PassAudited by ClawScan on May 1, 2026.

Overview

Pdfreader appears to be a straightforward local PDF text and metadata extractor, with routine cautions about installing PyMuPDF and handling extracted document contents.

This skill looks appropriate for local PDF text extraction. Before installing, use a trusted PyMuPDF package source, run the script in a controlled directory, pass an explicit page limit for sensitive or large PDFs, and protect or delete generated JSON files that contain document text.

Findings (4)

Artifact-based informational review of SKILL.md, metadata, install specs, static scan signals, and capability signals. ClawScan does not execute the skill or run runtime probes.

What this means

The skill can create local JSON files containing extracted PDF content in the current workspace.

Why it was flagged

The script reads a user-supplied PDF path and can write extracted results to a user-supplied JSON path.
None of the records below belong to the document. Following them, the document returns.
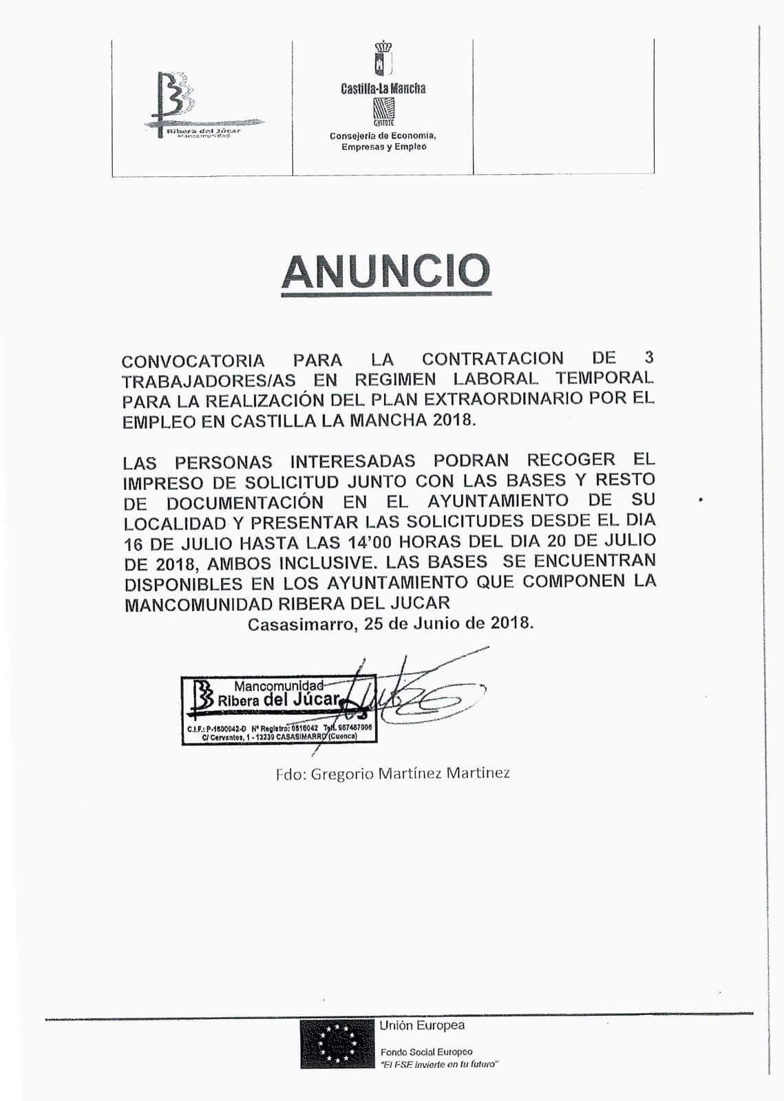 CONVOCATORIA PARA LA CONTRATACIÓN DE 3 TRABAJADORES/AS EN RÉGIMEN LABORAL TEMPORAL PARA LA REALIZACIÓN DEL PLAN EXTRAORDINARIO POR EL EMPLEO EN CASTILLA – LA MANCHA 2018.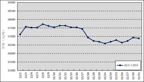國內主銷區:12月,上海、青島和天津等銷區市場的國產全乳標準膠平均價格為17179元/噸,環比上漲287元/噸,最高價為17717元/噸,最低價為16583元/噸。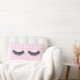 Par de pestanas pretas fechadas em padrões de gingham cor-de-rosa e branco.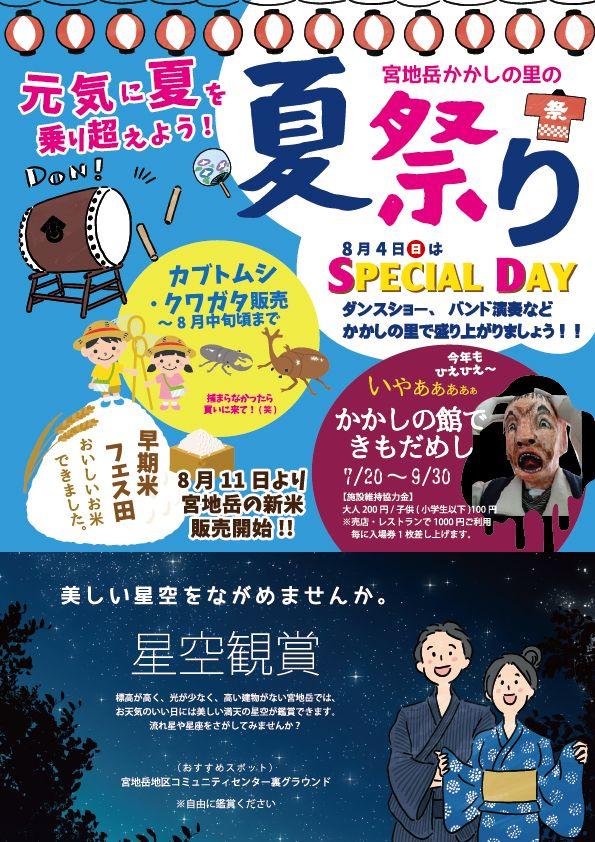 かかしの里では7月20日から「元気に夏を乗り越えよう!!」をテーマに、夏祭りを開催します。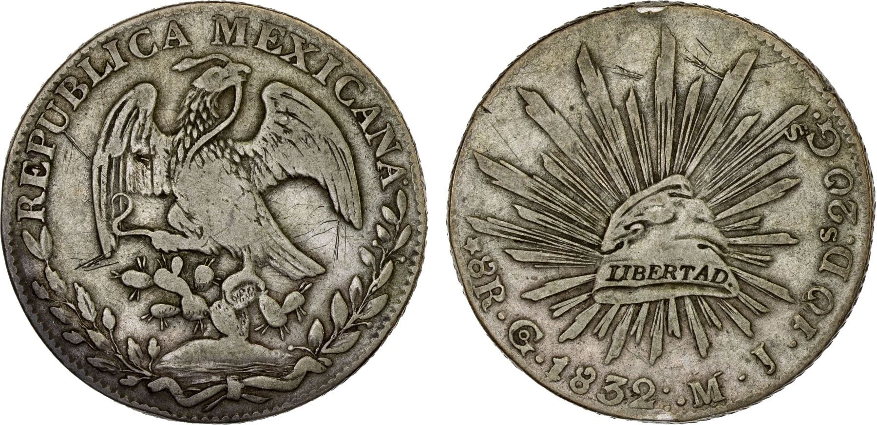 MEXICO: Republic, AR 8 reales (26.21g), 1832-Go, KM-377.8, D&P-Go13, assayer MJ, variety with 1 over inverted 1 in date; 3/3, 10/0 and Gs/s in reverse legend, some small scratches, reverse rim nick, very scarce variety, VF-XF, ex Bob "Swamperbob" Gurney Collection. The only example of this variety on CoinArchives is the host of a Philippine countermarked piece.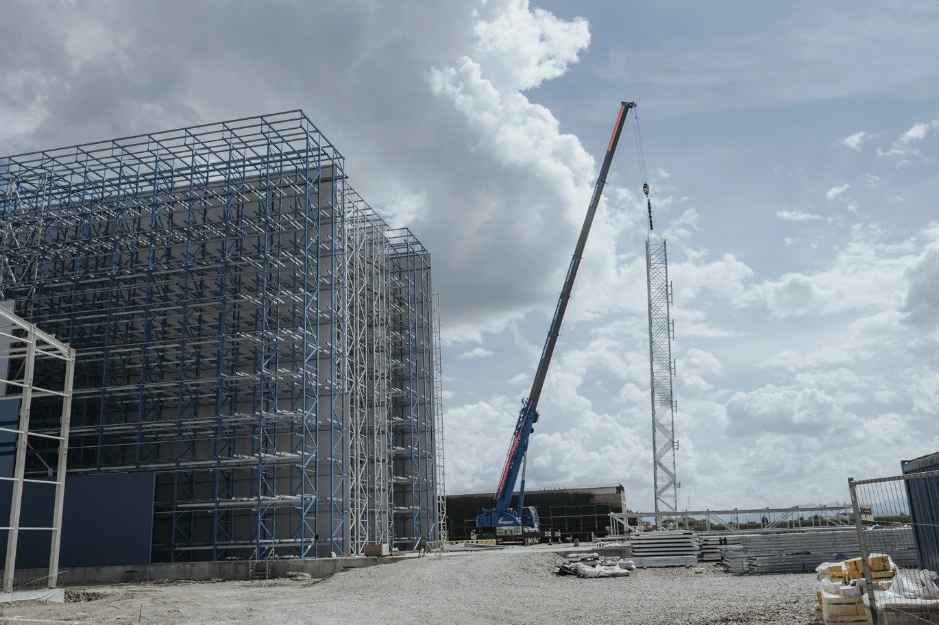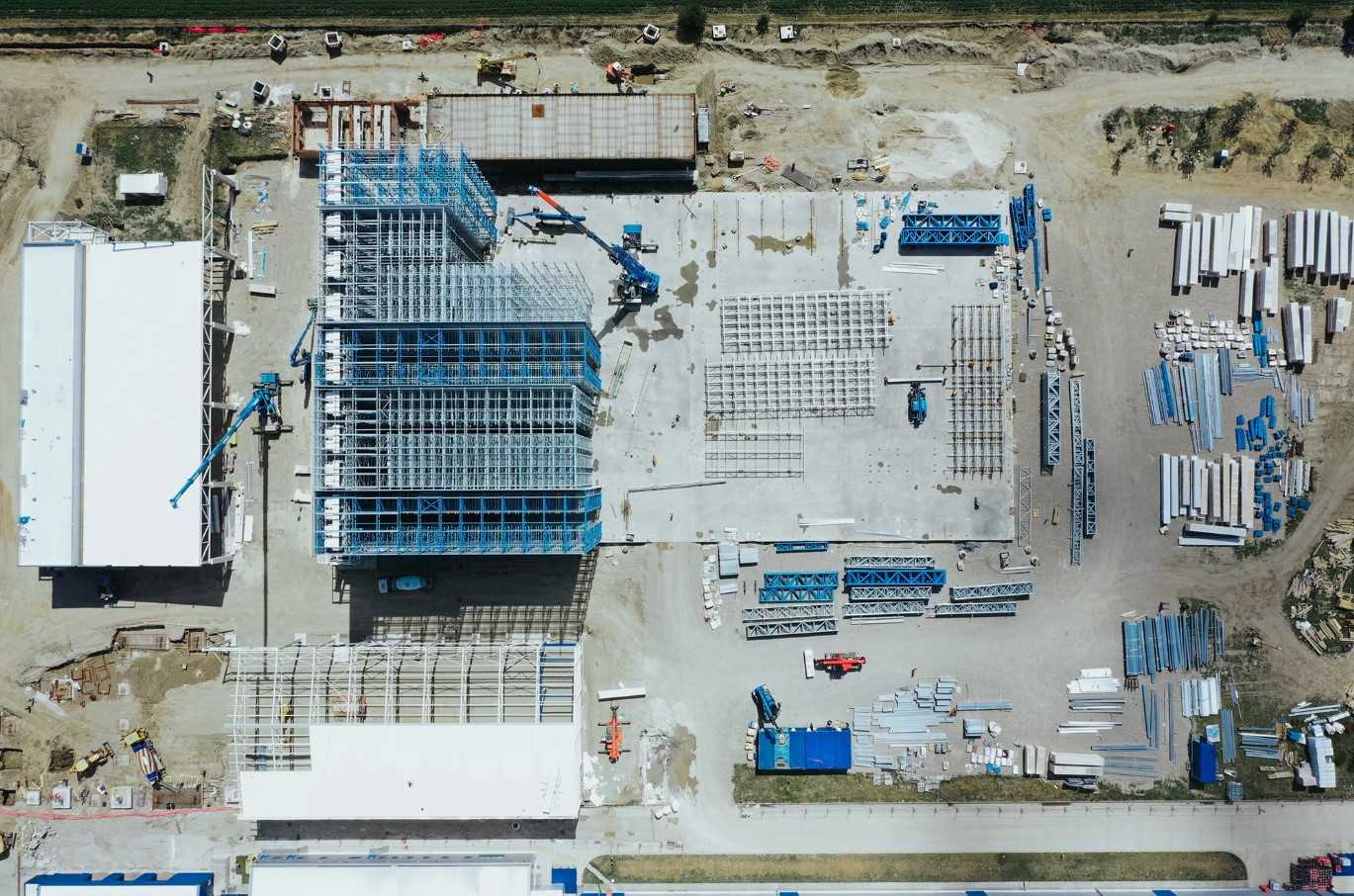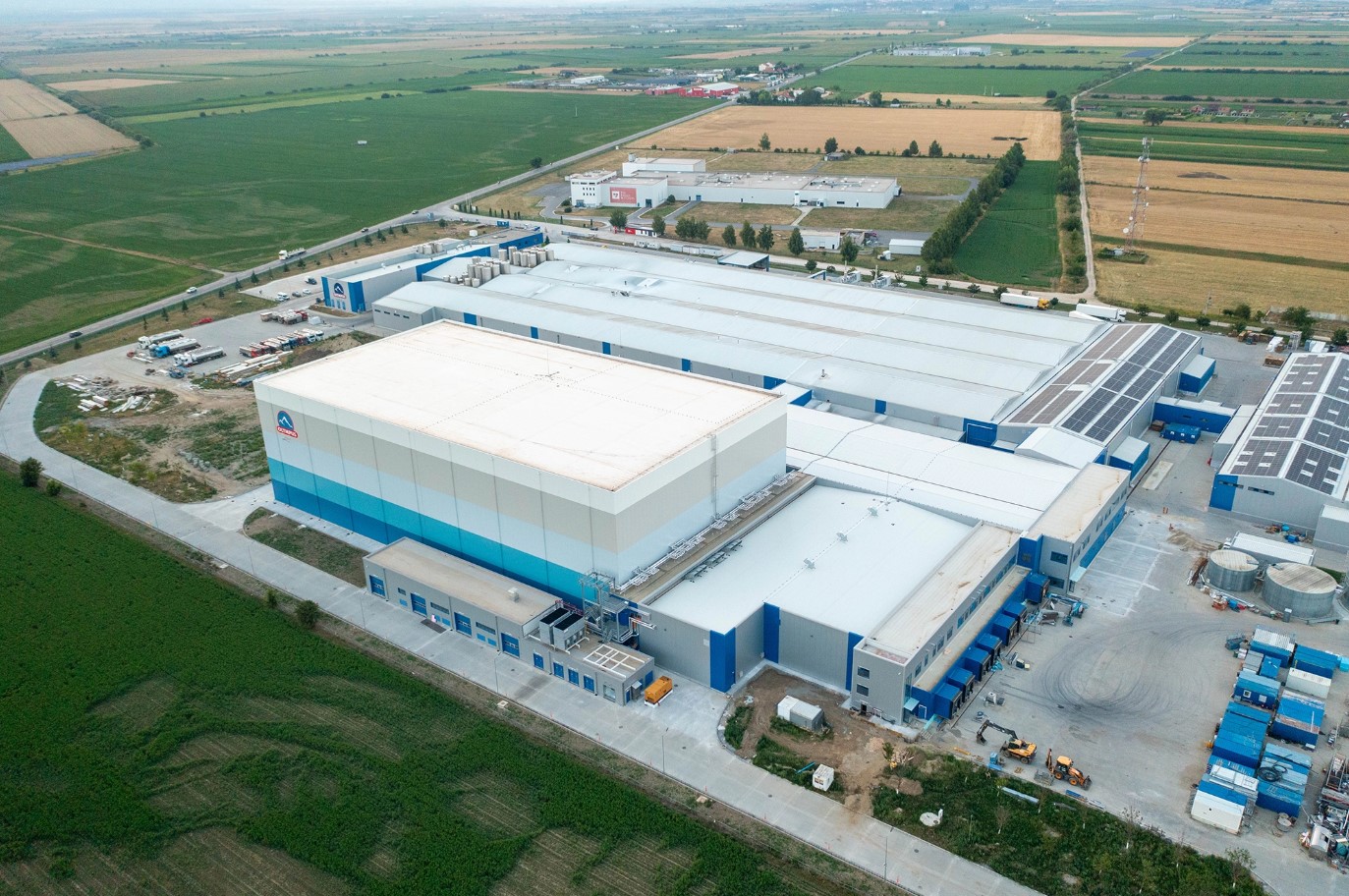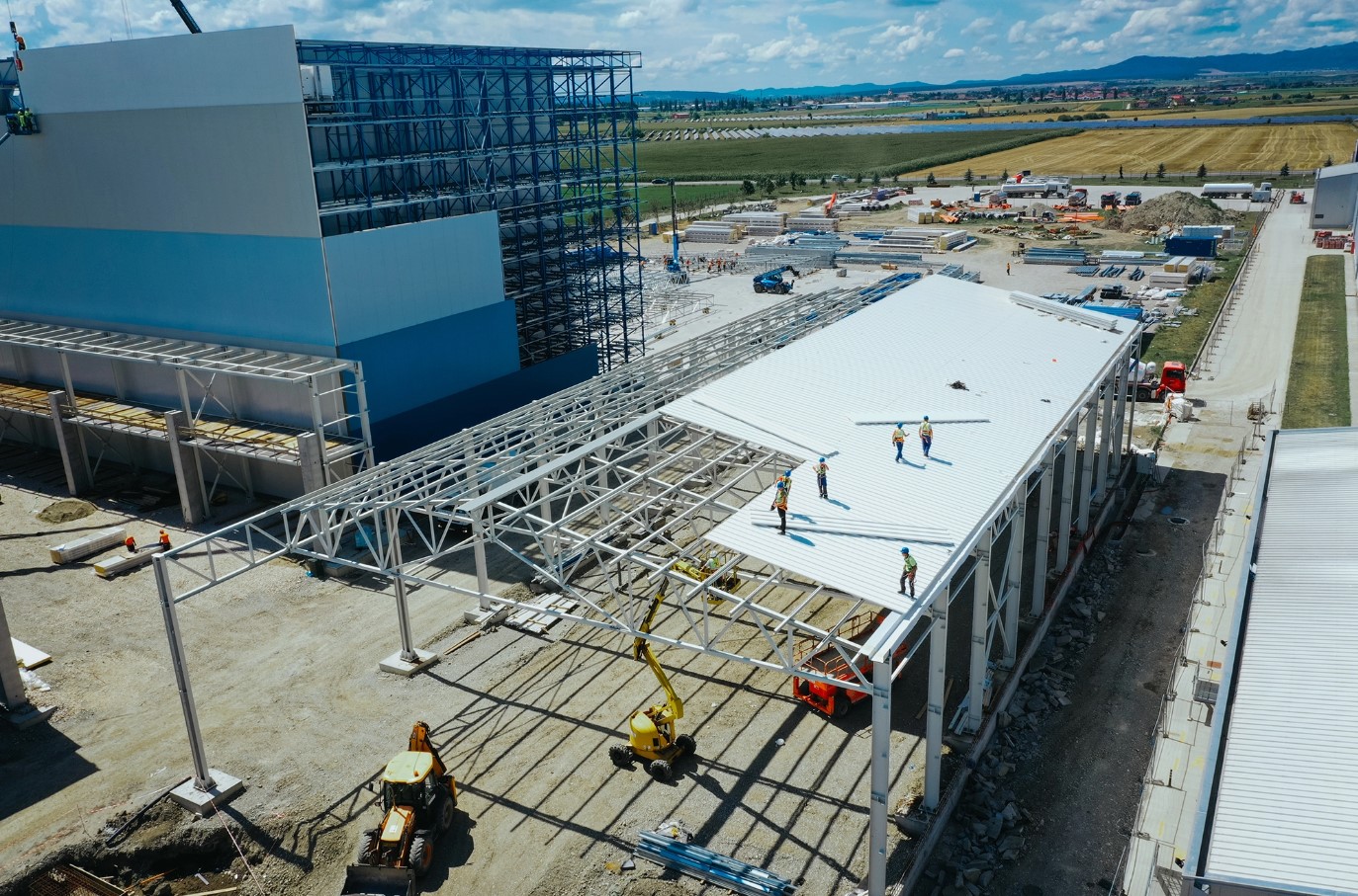- Peste 500 de tone de structură metalică, susținând 21.000 mp de panouri pentru fațadă, acoperiș și spații frigorifice;

This is the intended local filesystem capability and is bounded by extension/path checks, so it is a notice rather than a concern.

Skill content
pdf_path = sys.argv[1] ... with open(output_file, 'w', encoding='utf-8') as f: json.dump(result, f, ensure_ascii=False, indent=2)
Recommendation

Run it only on intended PDFs in a trusted working directory and review the output path before writing JSON.

What this means

Installing an unpinned package may pull whatever current version is available from the configured package index.

Why it was flagged

The skill requires installing an external Python package without a pinned version or lockfile. PyMuPDF is central to the stated PDF extraction purpose, so this is a supply-chain hygiene note rather than suspicious behavior.

Skill content
pip install pymupdf
Recommendation

Install PyMuPDF from a trusted package index and consider pinning a known-good version in controlled environments.

What this means

Private document text could be placed into a local JSON file and then read into an agent or model context.

Why it was flagged

The generated JSON can contain full PDF text and metadata intended for AI consumption. This is purpose-aligned, but PDF contents may be private or may contain untrusted instructions that should not be treated as authoritative.

Skill content
Outputs JSON for AI reading
Recommendation

Use the skill only with documents you intend the agent to read, and treat extracted PDF text as untrusted content.

What this means

A user or agent that omits the page limit may process more of a PDF than expected.

Why it was flagged

When max_pages is omitted, the code extracts the entire PDF, which differs from SKILL.md wording that suggests a first-10-pages default. This could surprise users about how much content is extracted.

Skill content
pages_to_extract = max_pages if max_pages else len(doc)
Recommendation

Pass an explicit page count when invoking the script, especially for large or sensitive PDFs.